What is x if 2^x = 3^{x-1}?
This article will discuss the mathematical equation 2^x = 3^{x-1} and how to solve for x. We will look at the equation, explain the steps to solve it, and provide examples to illustrate the process.
Equation 2^x = 3^{x-1} is an exponential equation
Isolate the variable x by dividing both sides of the equation by 2^x
Take the logarithm of both sides of the equation
Solve for x by adding xlog2 to both sides of the equation and dividing by log3
Solution to the equation is x = log2/log3, which is approximately 1.585
The equation 2^x = 3^{x-1} is an exponential equation. Exponential equations are equations that involve exponents, which are numbers that are multiplied by themselves a certain number of times. In this equation, the base of the exponent is 2 and the exponent is x. The other side of the equation has a base of 3 and an exponent of x-1.
To solve this equation, we must first isolate the variable x. To do this, we must divide both sides of the equation by 2^x. This will leave us with 3^{x-1}/2^x = 1. We can then take the logarithm of both sides of the equation. The logarithm of 3^{x-1}/2^x is (x-1)log3 - xlog2 = 0. We can then solve for x by adding xlog2 to both sides of the equation and dividing by log3. This will give us x = log2/log3.
To illustrate this process, let's look at an example. Suppose we have the equation 2^x = 3^{x-1}. We can isolate the variable x by dividing both sides of the equation by 2^x. This will leave us with 3^{x-1}/2^x = 1. We can then take the logarithm of both sides of the equation.

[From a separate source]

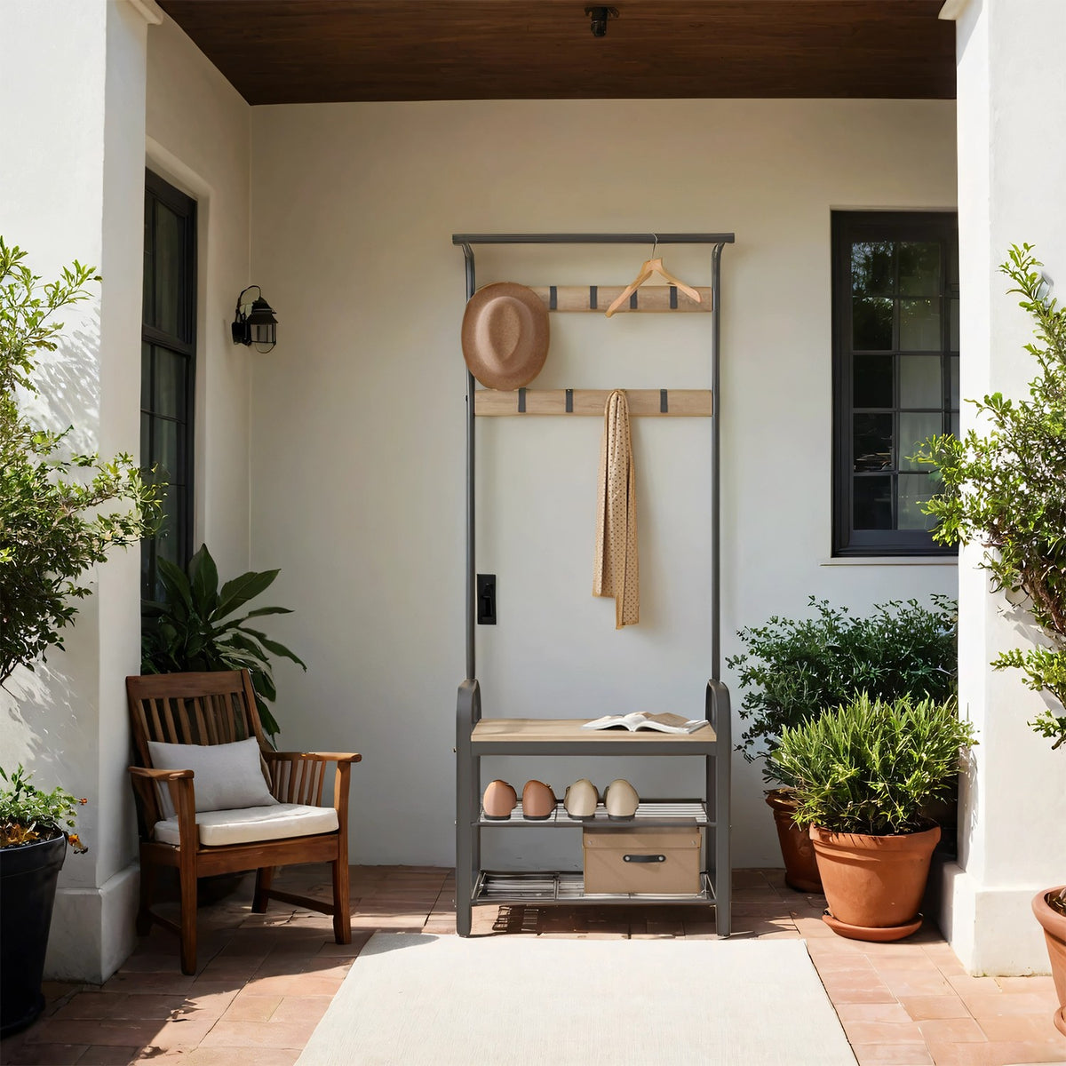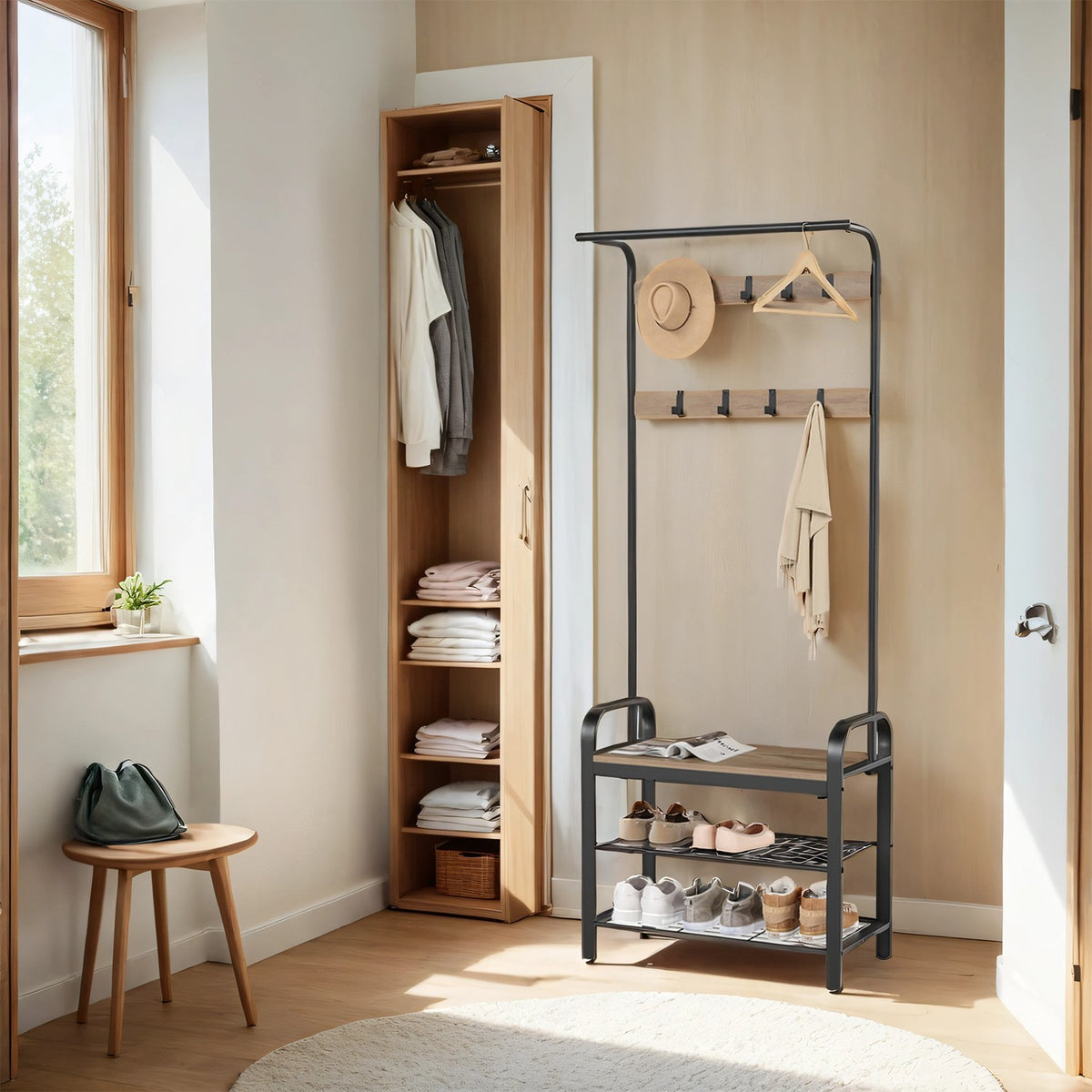 Kapstok, kledingkast, met schoenenbank 7 x 72 x 183 cm - HSRB35040K02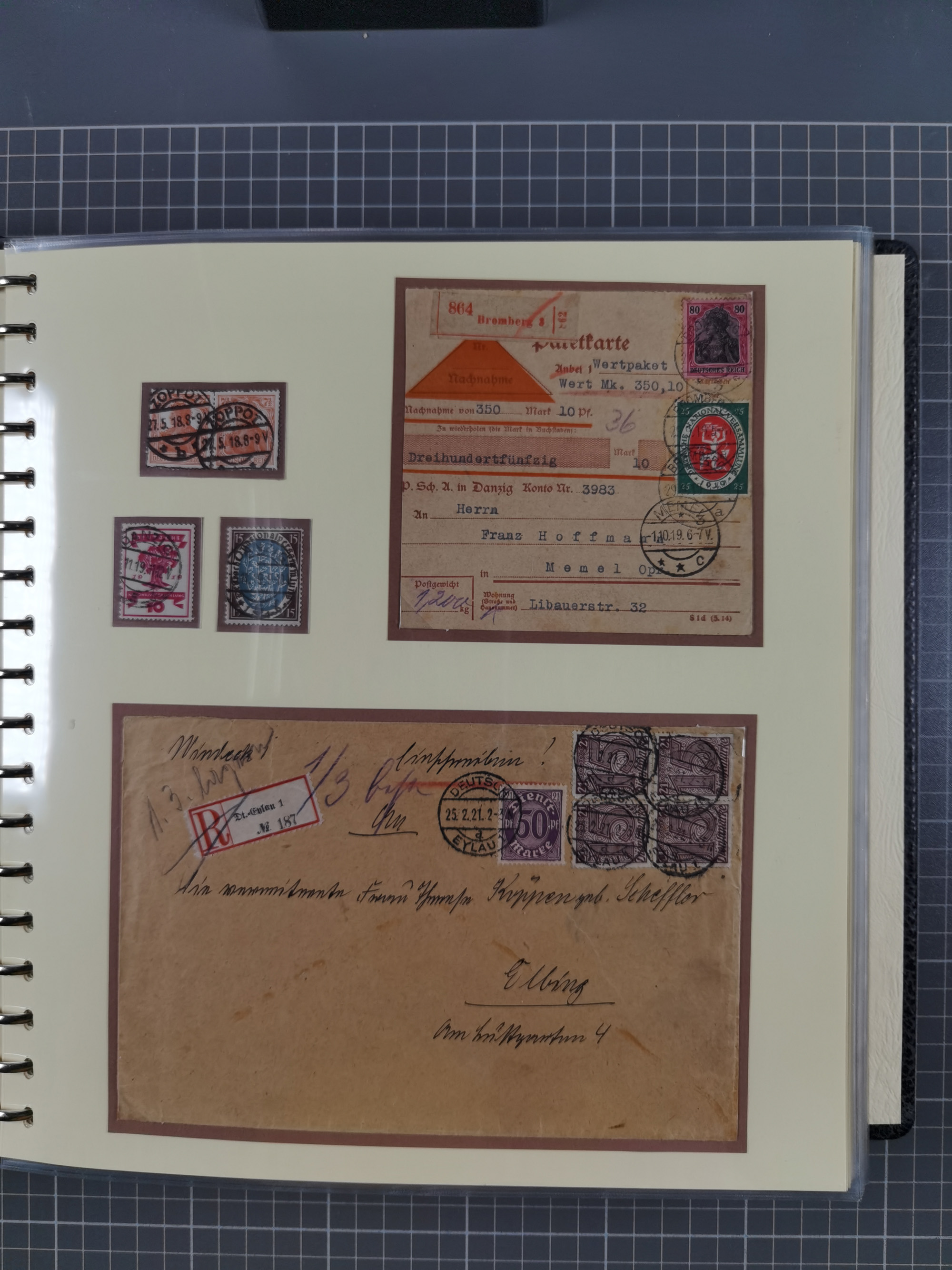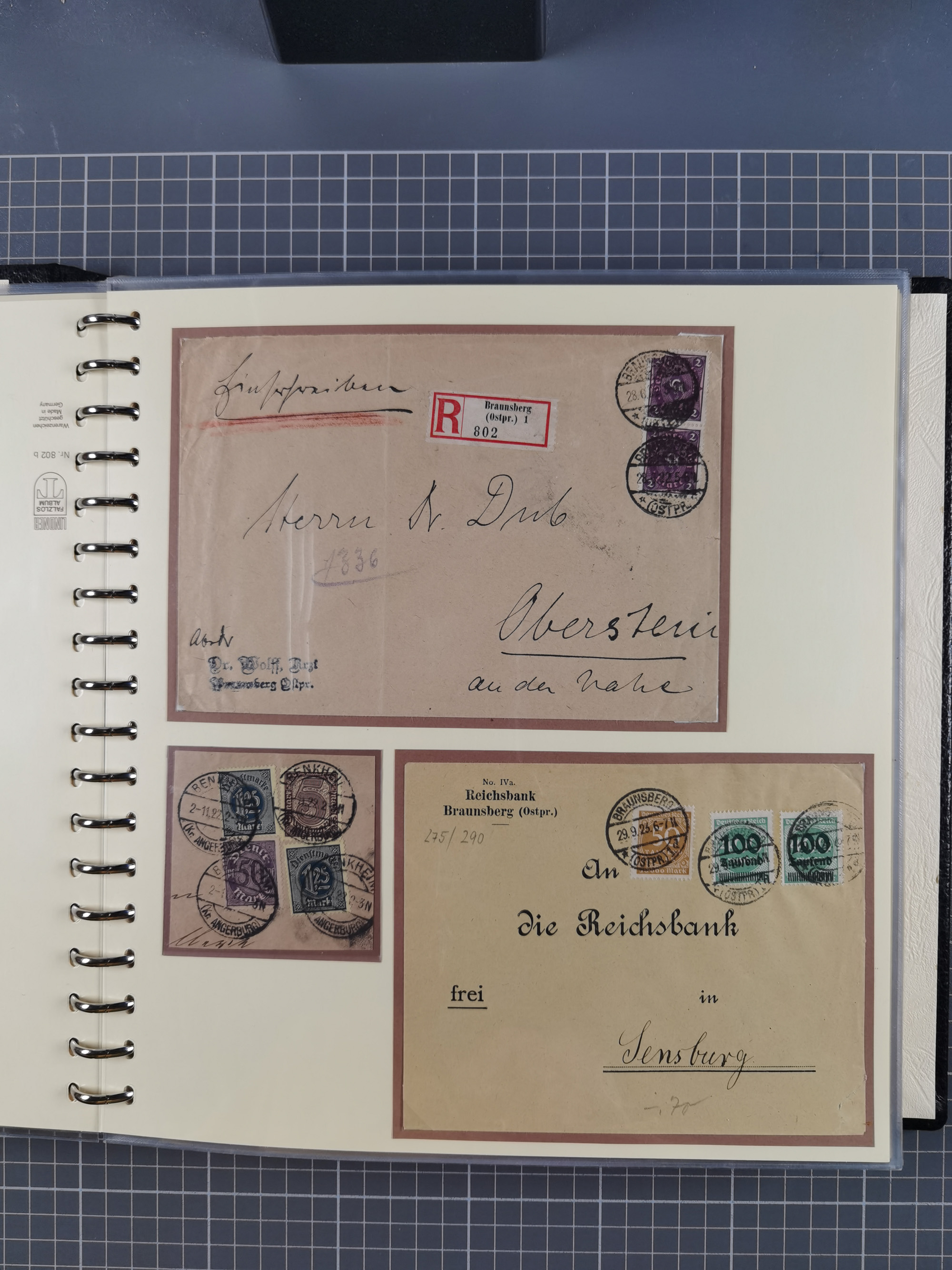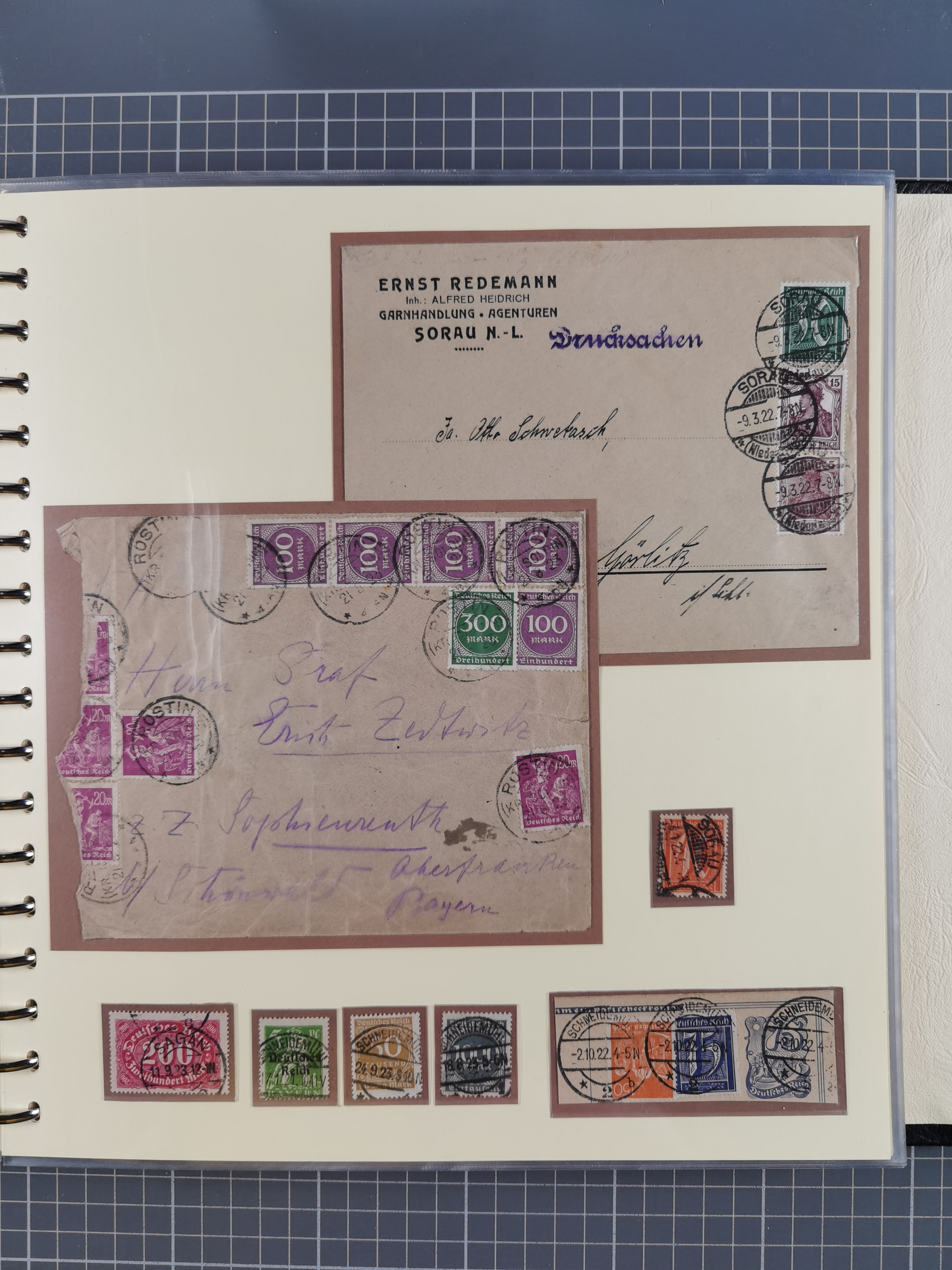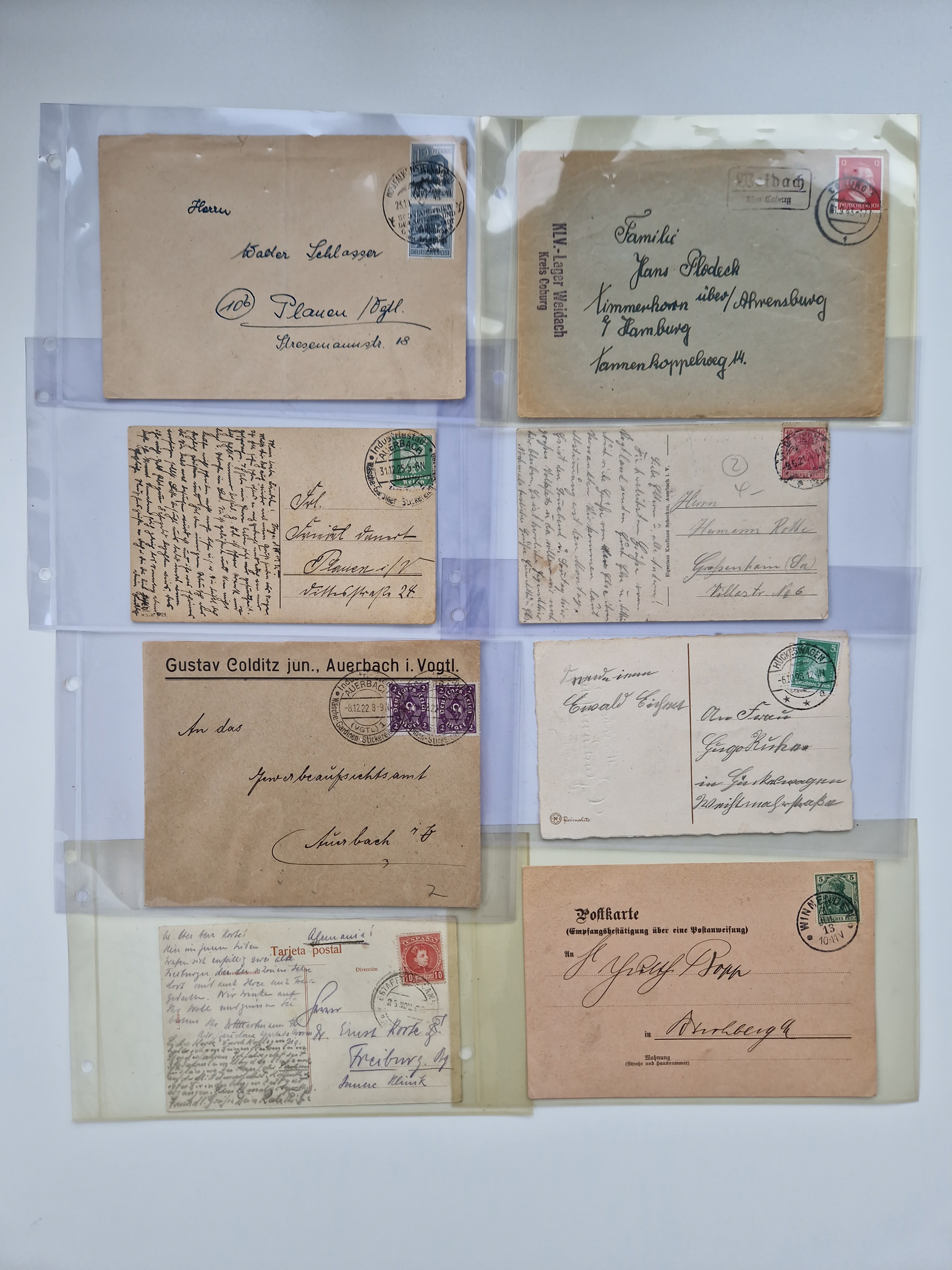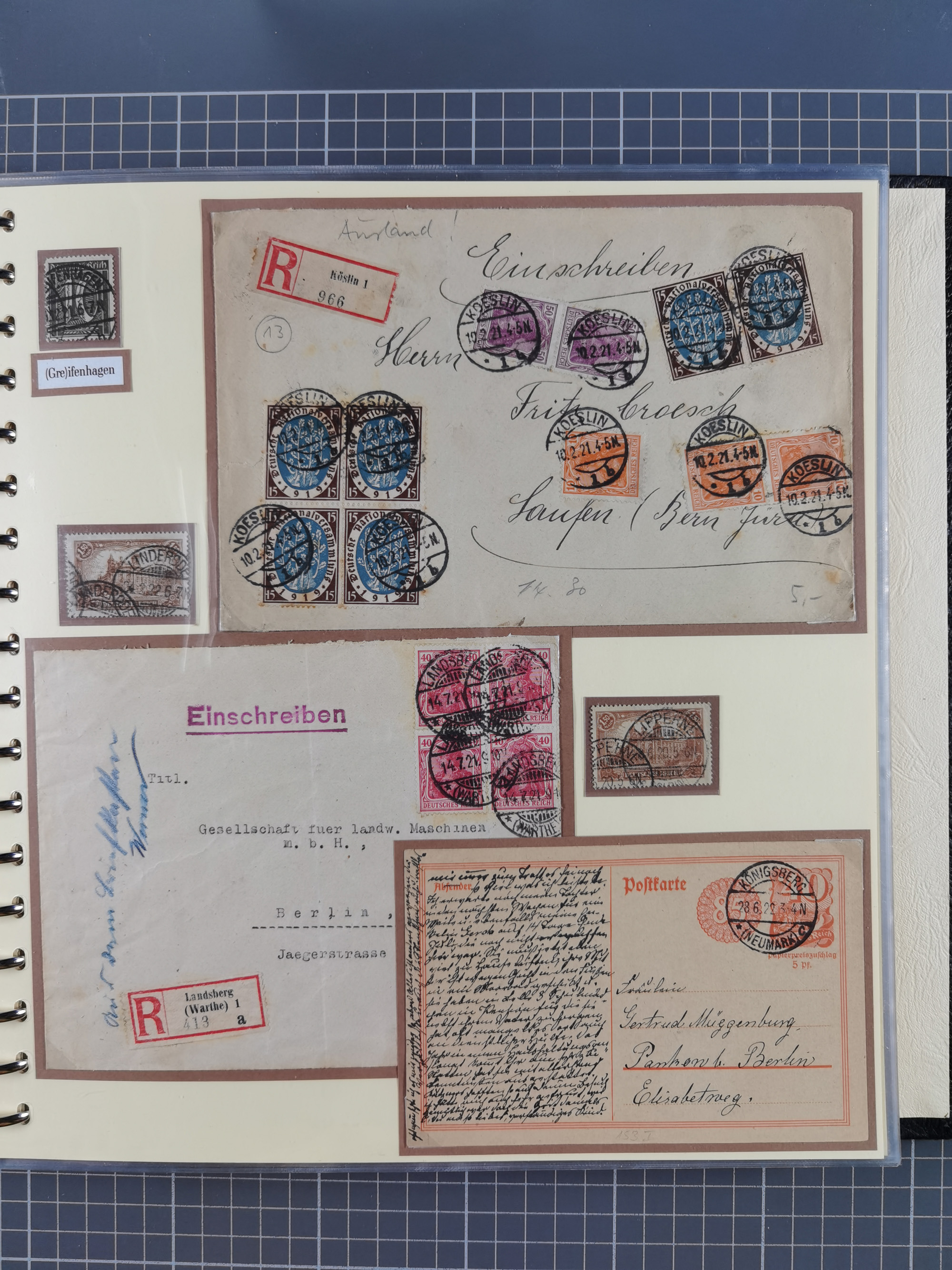1865/1950 (ca.), Album mit 122 hochwertigen Belegen, diese einzeln vom Einlieferer beschrieben und nach Michel bewertet 15.000 €. Dazu ein Karton mit über 170 Briefen, Karten und Ganzsachen, dabei etliche interessante Belege, meist gute Erhaltung

The logarithm of 3^{x-1}/2^x is (x-1)log3 - xlog2 = 0. We can then solve for x by adding xlog2 to both sides of the equation and dividing by log3. This will give us x = log2/log3, which is approximately 1.585.
Good to know:
Exponential equation: An equation that involves exponents
Base: The number that is multiplied by itself a certain number of times
Exponent: The number of times the base is multiplied by itself
Logarithm: The inverse of an exponential equation
In conclusion, the equation 2^x = 3^{x-1} can be solved by isolating the variable x, taking the logarithm of both sides of the equation, and then solving for x. This process is illustrated in the example provided. The solution to the equation is x = log2/log3, which is approximately 1.585.
The information provided in this article is for educational purposes only and should not be used as a substitute for professional advice.